Exercise objective: Begin the copy at the line containing "Concept plan for" in the data below and end it at the line containing "Cubic Zirconia Engagement", keeping each line exact and leaving out pictures.

(Working data begins)

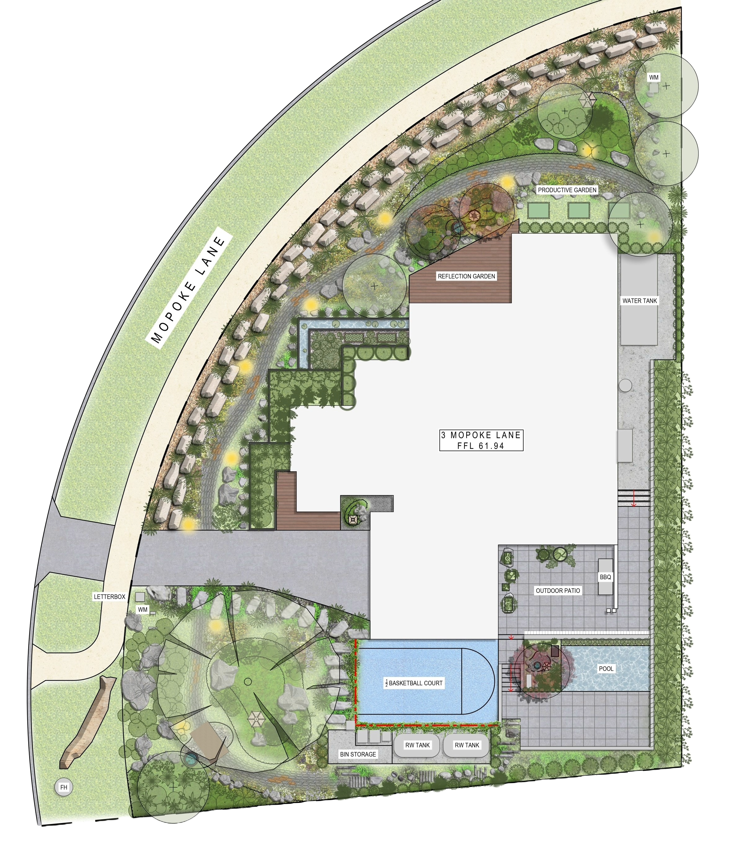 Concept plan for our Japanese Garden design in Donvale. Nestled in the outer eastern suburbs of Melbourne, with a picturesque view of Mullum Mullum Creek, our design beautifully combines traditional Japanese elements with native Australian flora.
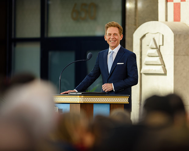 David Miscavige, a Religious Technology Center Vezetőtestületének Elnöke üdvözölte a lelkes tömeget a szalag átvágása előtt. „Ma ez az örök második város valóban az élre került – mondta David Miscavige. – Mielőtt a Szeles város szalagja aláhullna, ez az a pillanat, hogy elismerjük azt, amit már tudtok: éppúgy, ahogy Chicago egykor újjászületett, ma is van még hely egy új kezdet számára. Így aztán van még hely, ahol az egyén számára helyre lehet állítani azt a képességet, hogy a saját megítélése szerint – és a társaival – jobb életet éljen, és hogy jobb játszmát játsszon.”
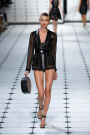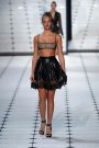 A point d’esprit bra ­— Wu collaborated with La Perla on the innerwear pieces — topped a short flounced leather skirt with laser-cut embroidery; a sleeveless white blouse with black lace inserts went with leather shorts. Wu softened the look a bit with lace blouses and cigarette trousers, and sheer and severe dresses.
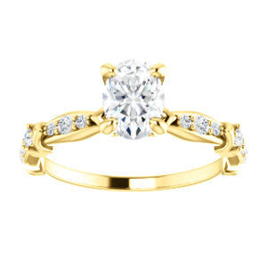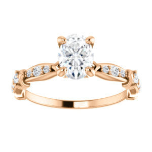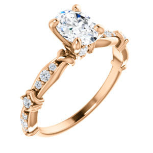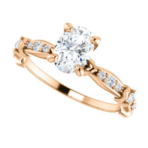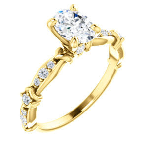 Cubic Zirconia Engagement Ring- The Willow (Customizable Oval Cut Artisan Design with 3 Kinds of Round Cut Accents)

(Working data ends)
(Working data begins)

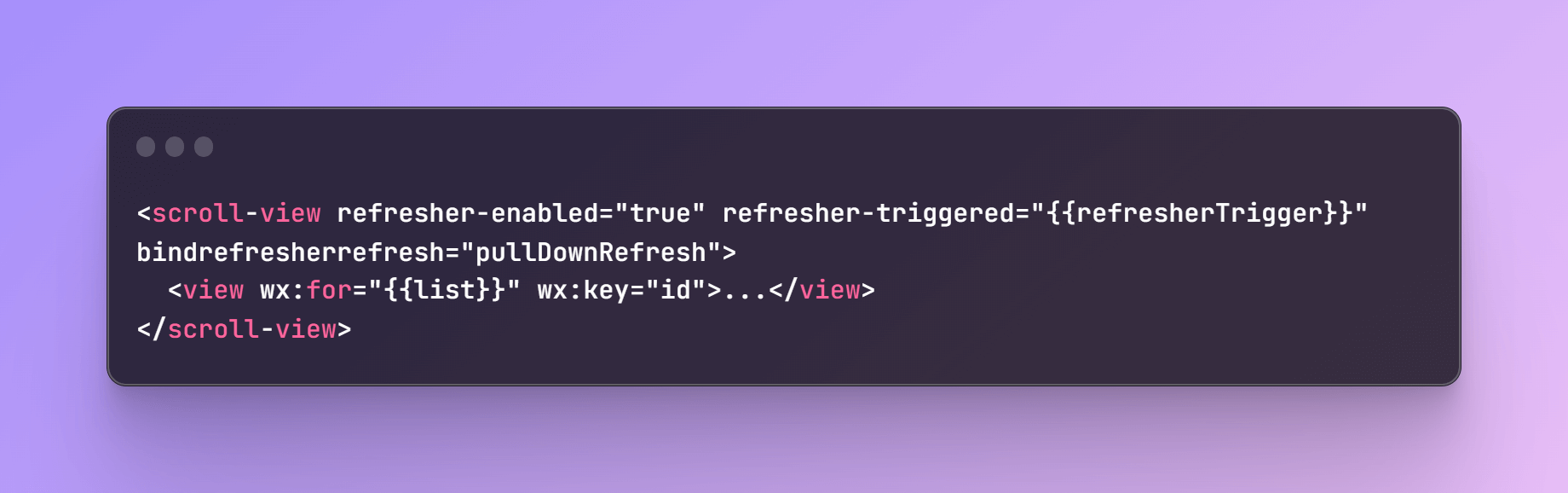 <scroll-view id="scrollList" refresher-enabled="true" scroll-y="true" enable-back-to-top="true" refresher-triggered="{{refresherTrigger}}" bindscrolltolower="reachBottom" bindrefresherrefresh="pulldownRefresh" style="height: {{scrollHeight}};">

(Working data ends)

Task result:
 Concept plan for our Japanese Garden design in Donvale. Nestled in the outer eastern suburbs of Melbourne, with a picturesque view of Mullum Mullum Creek, our design beautifully combines traditional Japanese elements with native Australian flora.
 David Miscavige, a Religious Technology Center Vezetőtestületének Elnöke üdvözölte a lelkes tömeget a szalag átvágása előtt. „Ma ez az örök második város valóban az élre került – mondta David Miscavige. – Mielőtt a Szeles város szalagja aláhullna, ez az a pillanat, hogy elismerjük azt, amit már tudtok: éppúgy, ahogy Chicago egykor újjászületett, ma is van még hely egy új kezdet számára. Így aztán van még hely, ahol az egyén számára helyre lehet állítani azt a képességet, hogy a saját megítélése szerint – és a társaival – jobb életet éljen, és hogy jobb játszmát játsszon.”
 A point d’esprit bra ­— Wu collaborated with La Perla on the innerwear pieces — topped a short flounced leather skirt with laser-cut embroidery; a sleeveless white blouse with black lace inserts went with leather shorts. Wu softened the look a bit with lace blouses and cigarette trousers, and sheer and severe dresses.
 Cubic Zirconia Engagement Ring- The Willow (Customizable Oval Cut Artisan Design with 3 Kinds of Round Cut Accents)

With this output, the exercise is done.